**Work required:**
Could you repeat the entries below exactly, but only from the line with "- Color: 1 x" through the line with "Bursa Yunuseli Havalimanı’nda", and without any picture?

**Extracted data:**
------------------------------------------------------------------------

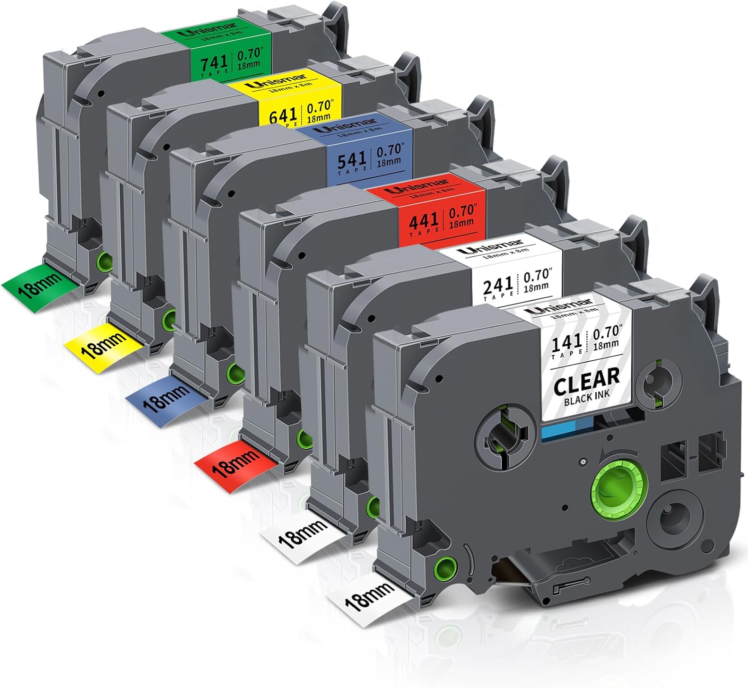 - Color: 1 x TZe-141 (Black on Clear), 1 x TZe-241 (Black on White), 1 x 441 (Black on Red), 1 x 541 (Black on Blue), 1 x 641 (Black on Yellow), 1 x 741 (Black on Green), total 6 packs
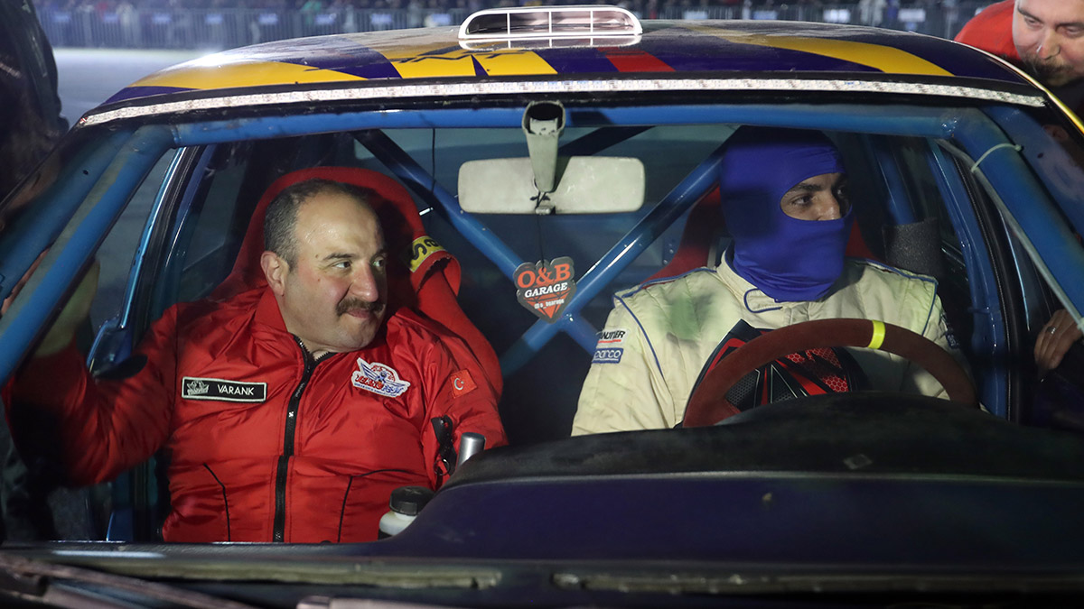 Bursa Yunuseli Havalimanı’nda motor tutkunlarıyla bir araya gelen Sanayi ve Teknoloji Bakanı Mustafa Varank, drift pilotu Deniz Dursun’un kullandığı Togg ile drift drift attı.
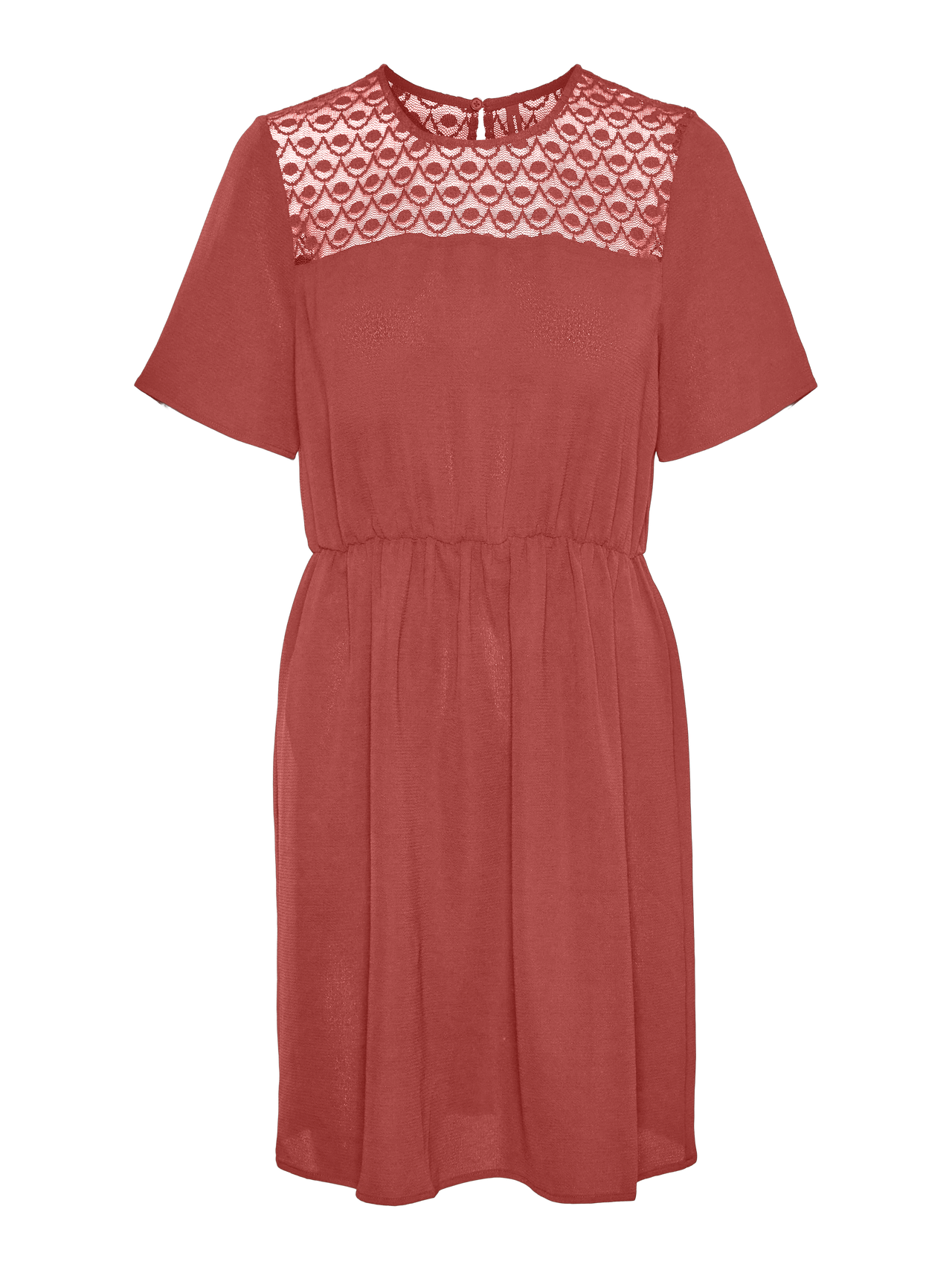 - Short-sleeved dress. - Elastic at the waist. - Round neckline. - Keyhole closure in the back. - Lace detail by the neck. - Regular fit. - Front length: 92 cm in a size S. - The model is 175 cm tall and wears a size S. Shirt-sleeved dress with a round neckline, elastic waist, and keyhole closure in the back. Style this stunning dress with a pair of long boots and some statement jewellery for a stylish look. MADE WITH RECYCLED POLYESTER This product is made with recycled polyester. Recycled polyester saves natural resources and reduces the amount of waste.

------------------------------------------------------------------------

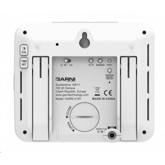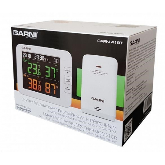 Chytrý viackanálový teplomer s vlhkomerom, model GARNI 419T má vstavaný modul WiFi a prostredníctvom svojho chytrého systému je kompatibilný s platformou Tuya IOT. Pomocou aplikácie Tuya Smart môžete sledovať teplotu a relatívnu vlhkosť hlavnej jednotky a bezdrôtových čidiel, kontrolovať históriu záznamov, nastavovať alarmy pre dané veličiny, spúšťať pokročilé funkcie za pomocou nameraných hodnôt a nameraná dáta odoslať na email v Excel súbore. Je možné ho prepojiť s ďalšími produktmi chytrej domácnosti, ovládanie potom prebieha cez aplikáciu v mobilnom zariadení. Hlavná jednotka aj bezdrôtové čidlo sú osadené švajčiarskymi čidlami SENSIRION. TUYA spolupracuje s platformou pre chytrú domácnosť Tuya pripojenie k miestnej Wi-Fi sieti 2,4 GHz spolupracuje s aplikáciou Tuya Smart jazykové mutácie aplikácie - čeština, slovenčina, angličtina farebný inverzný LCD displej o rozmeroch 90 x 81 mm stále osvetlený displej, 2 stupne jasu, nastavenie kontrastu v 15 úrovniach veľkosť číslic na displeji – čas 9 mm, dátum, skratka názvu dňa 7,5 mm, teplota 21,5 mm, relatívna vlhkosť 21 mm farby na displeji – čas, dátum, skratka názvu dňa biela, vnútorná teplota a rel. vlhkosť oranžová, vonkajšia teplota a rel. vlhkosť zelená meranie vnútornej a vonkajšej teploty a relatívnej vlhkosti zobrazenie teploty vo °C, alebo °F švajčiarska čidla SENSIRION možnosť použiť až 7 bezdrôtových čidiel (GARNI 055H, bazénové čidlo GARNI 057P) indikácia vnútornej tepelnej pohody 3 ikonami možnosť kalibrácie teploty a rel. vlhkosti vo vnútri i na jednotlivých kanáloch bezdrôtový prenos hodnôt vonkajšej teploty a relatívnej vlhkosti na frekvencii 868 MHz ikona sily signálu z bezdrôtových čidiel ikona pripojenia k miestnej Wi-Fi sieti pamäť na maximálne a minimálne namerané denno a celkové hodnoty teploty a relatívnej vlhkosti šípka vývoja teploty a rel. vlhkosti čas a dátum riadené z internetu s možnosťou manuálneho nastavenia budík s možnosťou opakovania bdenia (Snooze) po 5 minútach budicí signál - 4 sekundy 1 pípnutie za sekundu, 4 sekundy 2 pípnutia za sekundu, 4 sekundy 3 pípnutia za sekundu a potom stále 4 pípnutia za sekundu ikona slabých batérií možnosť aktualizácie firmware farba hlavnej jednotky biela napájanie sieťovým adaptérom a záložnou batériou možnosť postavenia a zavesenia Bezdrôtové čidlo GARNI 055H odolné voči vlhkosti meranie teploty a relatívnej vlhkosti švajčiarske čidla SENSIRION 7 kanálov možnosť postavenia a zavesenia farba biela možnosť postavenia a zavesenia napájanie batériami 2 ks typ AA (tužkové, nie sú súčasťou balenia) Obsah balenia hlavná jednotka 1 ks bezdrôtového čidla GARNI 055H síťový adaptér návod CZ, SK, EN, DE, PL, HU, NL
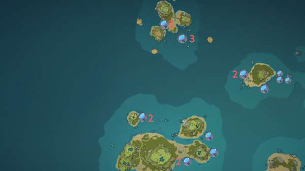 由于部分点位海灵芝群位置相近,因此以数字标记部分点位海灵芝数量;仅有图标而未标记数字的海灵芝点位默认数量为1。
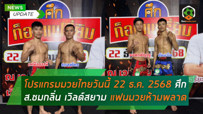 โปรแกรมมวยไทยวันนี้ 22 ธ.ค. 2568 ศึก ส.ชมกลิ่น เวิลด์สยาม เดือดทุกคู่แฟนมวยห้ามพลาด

------------------------------------------------------------------------

**Your solution:**
 - Color: 1 x TZe-141 (Black on Clear), 1 x TZe-241 (Black on White), 1 x 441 (Black on Red), 1 x 541 (Black on Blue), 1 x 641 (Black on Yellow), 1 x 741 (Black on Green), total 6 packs
 Bursa Yunuseli Havalimanı’nda motor tutkunlarıyla bir araya gelen Sanayi ve Teknoloji Bakanı Mustafa Varank, drift pilotu Deniz Dursun’un kullandığı Togg ile drift drift attı.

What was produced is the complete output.